Police helped wealthy woman accuse local lawyer of theft
PORTSMOUTH — While an elderly woman endorsed a new will and trust last May, leaving the bulk of her sizeable estate to a city police officer, she accused her former lawyer of stealing from her.
The woman, Geraldine Webber, died Dec. 11, 2012, at age 94, seven months after she was videotaped for an hour and 20 minutes signing a new trust giving police Sgt. Aaron Goodwin her waterfront home, stocks, a bond and a Cadillac. The will and trust are being contested by Portsmouth attorney Jim Ritzo, who says he managed Webber's estate for the previous 25 years, that her wishes remained consistent and they did not include Goodwin.
Ritzo alleges in the county probate court that Goodwin exerted undue influence over Webber and that she was incompetent when she agreed to give the police sergeant power of attorney over her estate, as well authority to make her life-and-death medical decisions. Evidence in the case is expected to include the video of Webber signing her new estate documents on May 2, 2012, when she called Goodwin her “second son,” made sexual advances toward her new lawyer, Gary Holmes, and alleged her old lawyer, Ritzo, stole checks and money from her.
Ritzo denied the allegations Monday, saying he's “never taken a dime” from Webber, including for the quarter-century he managed her estate.
“It's a classic sign of Alzheimer's (disease) to say people are stealing from you,” said Ritzo, who had petitioned the probate court to have Webber evaluated for competency prior to her death. “I think it's very simple, just let the judge watch the video and decide.”
The video recorded the elderly woman using salty language, and making multiple sexual remarks and gestures toward Holmes and about Goodwin, while Holmes and three female witnesses were at Webber's home for the estate work. It speaks to her competency, Ritzo said, adding that no one from the local police department ever contacted him about Webber's allegations that he stole from her.
He said Webber asked him to change her will to “give everything to Aaron” and the allegations surfaced after he refused.
Ritzo said he heard that local police assisted Webber with making a state complaint against him, said he never saw the complaint, and when he later called the state's elder affairs office to ask what was going on, he was told the allegations were deemed “unfounded.”
Ritzo has not been charged with any crime.
Asked how city police responded to Webber's theft allegations, Deputy Police Chief Corey MacDonald provided the Portsmouth Herald with the following written statement Monday:
“Ms. Webber did make allegations of a criminal nature and did request an investigation into allegations that she was financially being taken advantage of by a local attorney,” MacDonald wrote. “Those allegations were forwarded to outside agencies to include elder affairs for investigation. The Portsmouth police did not conduct that investigation, however Capt. Michael Schwartz was assigned by the department to facilitate those referrals at Ms. Webber's request.”
Schwartz is named as a $25,000 beneficiary in Webber's current will and trust.
Any comment regarding the outcome, McDonald said, “would have to come from the Bureau of Elderly and Adult Services.” No one from that office could be reached for comment Monday.

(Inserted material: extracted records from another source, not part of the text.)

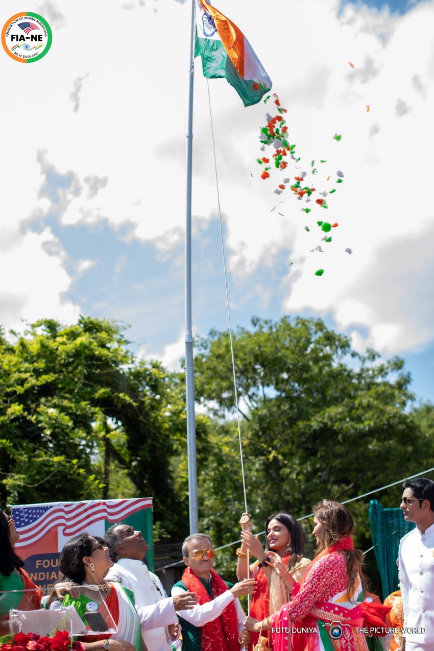 Flag Hoisting ceremony. / FIA NEFIA-New England’s board of directors and executives, including Jyoti Singh, Deepak Rathore, Amol Penshanwar, Anupama Debroy, Manisha Kumar, and Priyanka Wadhwa organized the programme .
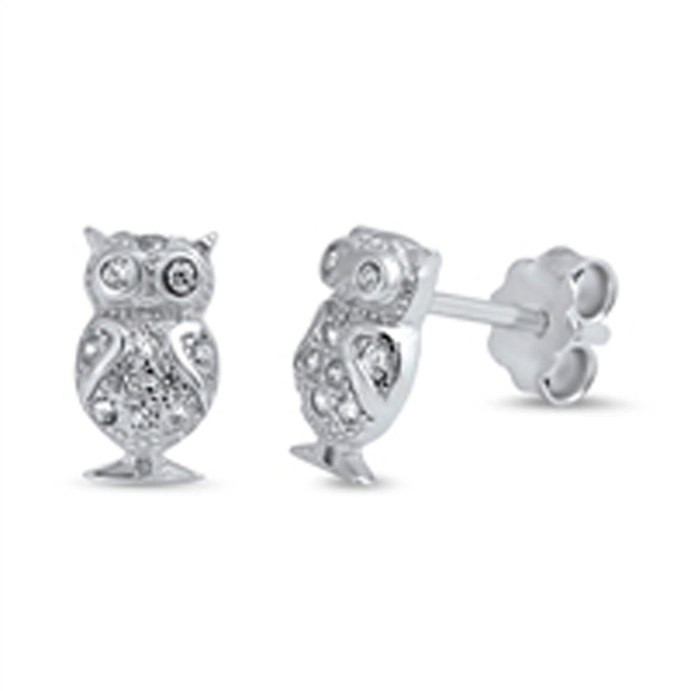 Animal Tiny Sparkly Owl Forest Clear Simulated CZ .925 Sterling Silver Earrings
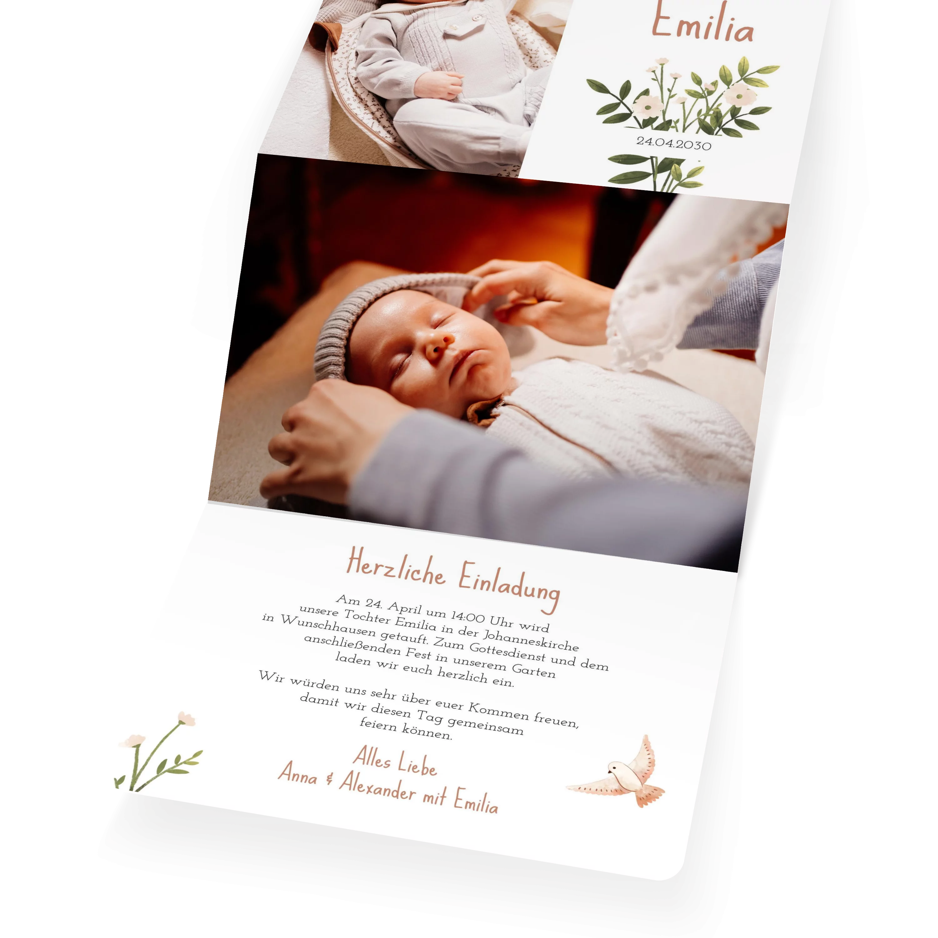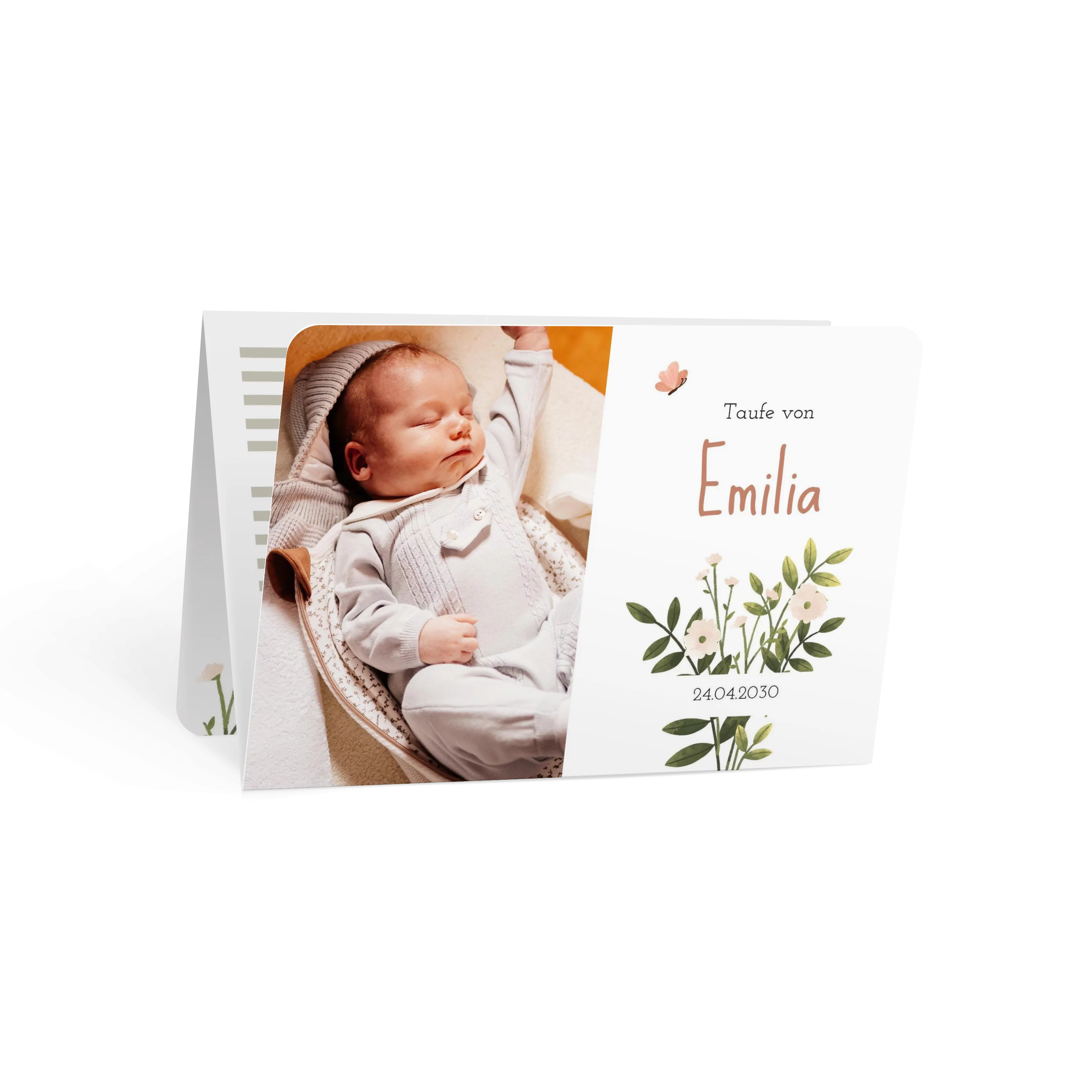 Ein sanftes Blumenelement trifft auf handgeschriebene Typo in warmem Rosé – zart, freundlich und persönlich. Die klare Aufteilung mit großem Fotobereich links und floraler Gestaltung rechts macht diese Taufkarte zu einem feinen Blickfang.
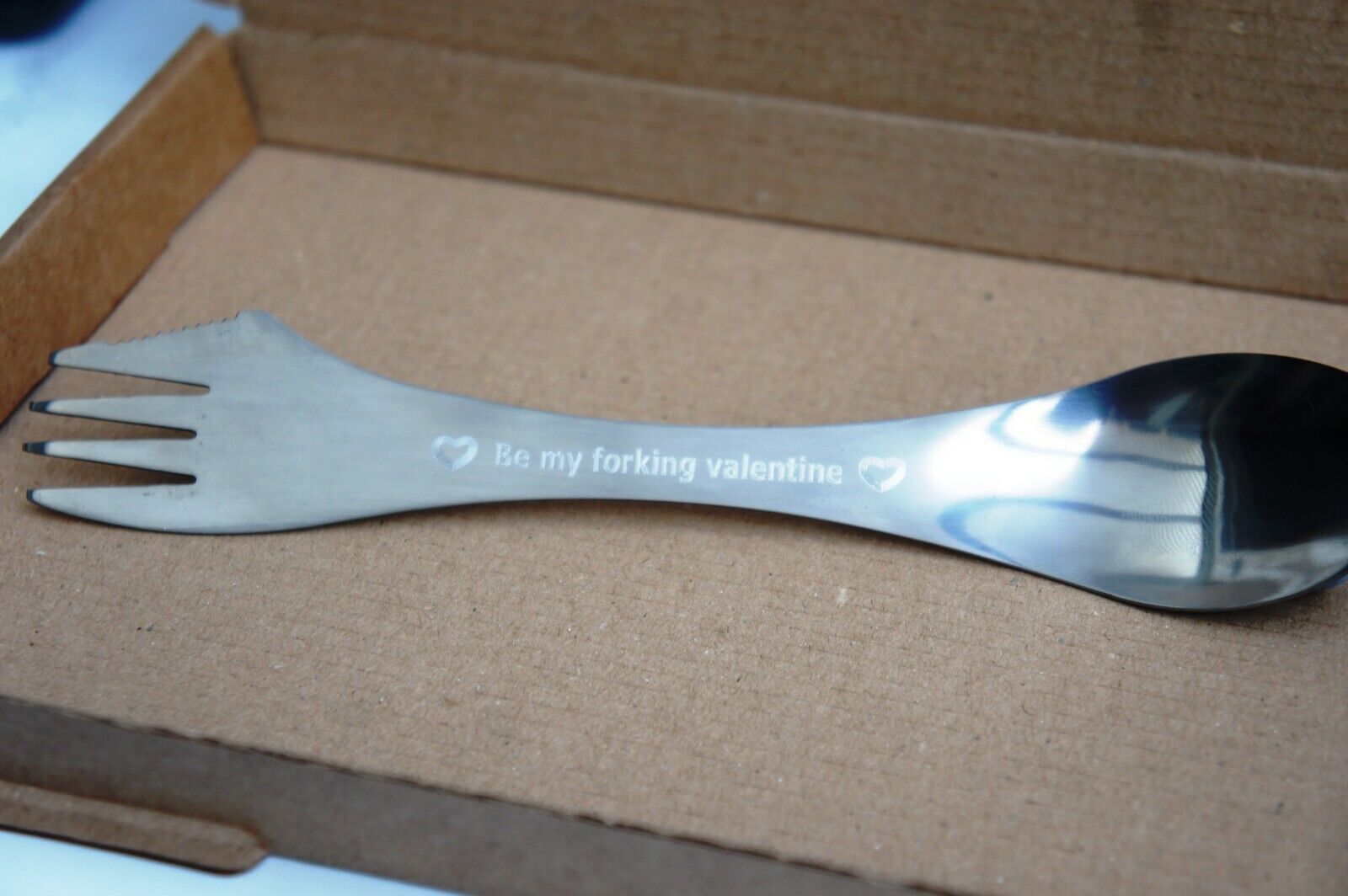FUN VALENTINES GIFT ENGRAVED SPORK - BE MY FORKING VALENTINE - IN GIFT BOX

Holmes has consistently declined to comment about the allegations, while Goodwin has denied wrongdoing. Goodwin previously provided the Herald with letters from the state Bureau of Elderly and Adult Services, dated June 12 and Sept. 19, stating that two investigations into reports of elder exploitation by him regarding Webber were conducted and both were concluded as unfounded. Portsmouth police officials said they also conducted separate investigations and determined Goodwin's contact with Webber was largely off-duty and that nothing criminal had occurred.
On Dec. 17, Goodwin asked the probate court to remove him as co-executor of Webber's estate, citing “conflict — potential litigation.”
Before Webber's trust was amended last spring, the terms of her prior will, written by Ritzo in 2009, bequeathed $240,000 to Braintree (Mass.) High School for a scholarship in memory of Webber's late son, Bruce. The new trust leaves the high school $25,000.
The will Ritzo wrote for Webber also stated her assets would be sold and, after her bills were paid, one-fourth of the money would be given to the Sloan Kettering Cancer Research Clinic in New York, one-fourth given to the Shriners Hospital for Children-Boston, and the other half split between the Portsmouth police and fire departments.
The new and disputed trust gives those parties $25,000 each, about 90 percent less.
Ritzo said he believes Webber's stocks and bonds are worth $700,000 and her home, which features boat docks and an in-ground swimming pool, is assessed for $805,000.
Ritzo has filed a $65,000 claim against Webber's estate for the 25 years he represented her without payment. If the will he wrote is found by a judge to remain valid, he is entitled to 5 percent of her total estate, per agreement with Webber, he said.
Ritzo alleges in filings with the probate court that before Holmes took the case, Goodwin shopped Webber's will to “at least” four attorneys, asking them to change the will “so he would inherit the 'entire estate.'”
Before her death, Webber told the Herald that Goodwin, 33, had taken her to casinos and she described him as “the best thing that ever happened to me.”
“It's my money and my house,” she said. “And I'll do as I please.”